Don't get your hopes up, it could just be like Amiibo Party 2.0 or ****ing Tom Nook Teaches Finance


----------



## Bowie (Jan 17, 2018)

inb4 Bayonetta traumatises all the children


----------



## Cheshire (Jan 17, 2018)

himeki said:


> Tom Nook Teaches Finance



Lmao, I legit want that game! 

Anyway, I hope it’s an AC Switch announcement, too - but my gut tells me it’s just some amiibo-esque abomination... like, amiibo gloves and headbands or something.


----------



## Trundle (Jan 17, 2018)

This could be a really good announcement or a really boring announcement.

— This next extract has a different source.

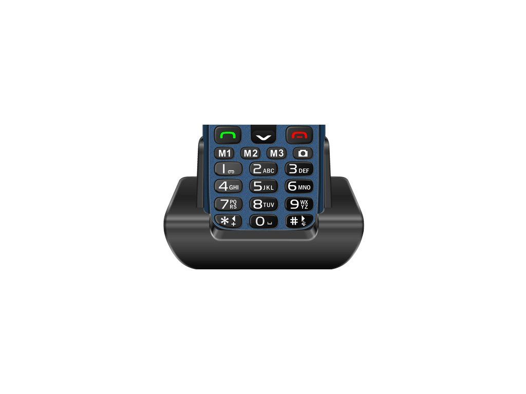 • Mobilní telefon s velkými tlačítky vhodný pro seniory nebo pro děti • Jednoduché ovládání a ergonomický design • Velký barevný 2.3'' TFT displej • Dobíjecí port USB-C (Type C) • 0,3 Mpx fotoaparát • Kapacita pro uložení kontaktů: 250 • Kapacita pro SMS zprávy: 100 • Fotokontakty a kontakty rychlé volby pro snadné vytáčení blízkých osob • Počet předvoleb pro fotokontakty: 250 • Počet předvoleb pro rychlou volbu: 9 • SOS tlačítko s výrazným barevným odlišením pro SOS volání v případě nouze • Počet předvoleb SOS kontaktů: 6 • Nezávislé FM rádio funkční i pro vestavěný reproduktor • Automatické ladění rádia • Vyhrazená tlačítka pro 3 oblíbené kontakty (M1-M3), fotoaparát a změnu uživatelského profilu • Hlasitý výkonný reproduktor pro poslech FM rádia a vyzvánění • Počet melodií pro vyzvánění: 4 + vlastní • Dobíjecí kolébka pro snadné nabíjení • Uživatelsky vyměnitelná 1000 mAh Li-Ion baterie (součást dodávky) • Výdrž v pohotovostním režimu až 8 dnů • Nabíjení baterie: 3 hod. • Rozlišení displeje 320 x 240 px • Velká oddělená tlačítka klávesnice pro snadné ovládání • Bílé podsvícení tlačítek s možností úplného vypnutí • Silná svítilna s možností rozsvícení i při uzamknuté obrazovce • Posuvné tlačítko svítilny • Tlačítka pro ovládání hlasitosti• LED indikace: 1) Červená LED indikace značí nízký stav baterie nebo nabíjení baterie 2 )Modrá LED indikace značí zmeškaný hovor nebo nepřečtenou zprávu • Pokrytí pásem GSM 850/900/1 800/1 900 MHz • Podpora SMS a MMS zpráv • Podpora SIM Toolkit • Bluetooth verze 3.0

Just depends how long the stream is.


----------



## John Wick (Jan 17, 2018)

Knowing nintendo, I'll say a boring one.


----------



## Soigne (Jan 17, 2018)

it's cardboard LOL the big reveal is cardboard


----------



## himeki (Jan 17, 2018)

full offense but literally what the **** is this


----------



## Peter (Jan 17, 2018)

I... actually think it looks pretty cool.


----------



## Mars Adept (Jan 17, 2018)

Yeah. Not worth the hype. I'm not sure if even kids would want this, considering little kids are usually on iPads all day, and older kids would probably do something else like play sports or actual video games.


----------



## Ehingen Guy (Jan 17, 2018)

It's not just cardboard, it's _interactive_ cardboard. I just watched a video and Nintendo Labo looks pretty intriguing.


----------



## 50m4ra (Jan 17, 2018)

When the AC fourms are empty of hope.


----------



## Cheshire (Jan 17, 2018)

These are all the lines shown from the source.